Organovo is a leader in the relatively nascent field of 3D bio-printing, which essentially involves using 3D printing techniques to build a “scaffold” of cells which can then grow organically into working tissue. The company made headlines last year when it began selling its 3D-printed livers to pharmaceutical companies as a cheap way to test new drugs (3D bio-printing technology can’t yet print organs that work well enough to actually be implanted into the human body, though that is an eventual goal).

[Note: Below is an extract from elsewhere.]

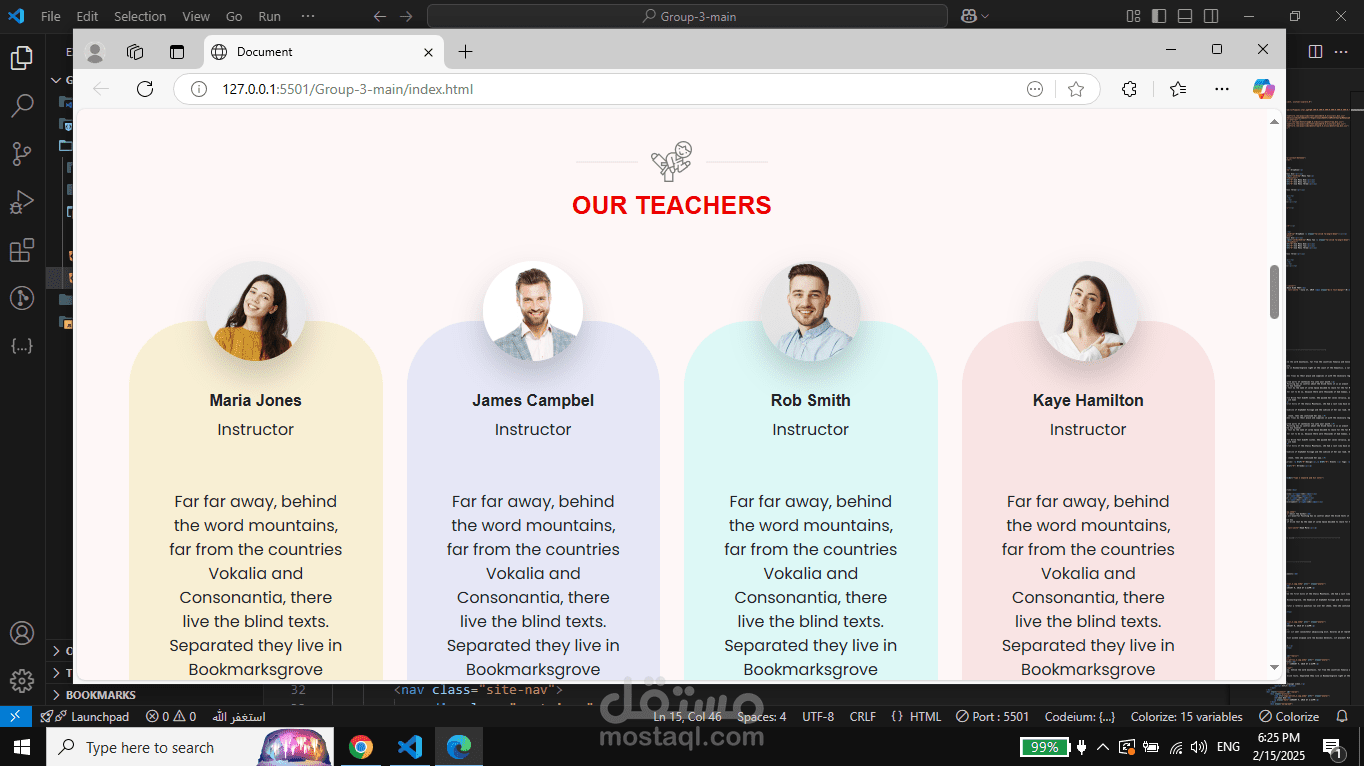 - قائمة بأسماء المدربين وصورهم.

Similarly, L’Oreal has an obvious need for cheap, fast, and harmless ways to test its products. In fact, the corporation has a subsidiary called Episkin which sells human skin tissue and has acquired skin engineering companies in the past. BBC reported that L’Oreal currently produces about 100,000 small skin samples per year, grown from tissues donated by plastic surgery patients.

As skin-printing technology progresses, it could be used for more impactful purposes than testing anti-wrinkle cream. Wake Forest Medical School, for example, is researching printing skin onto burn wounds to speed up the healing process.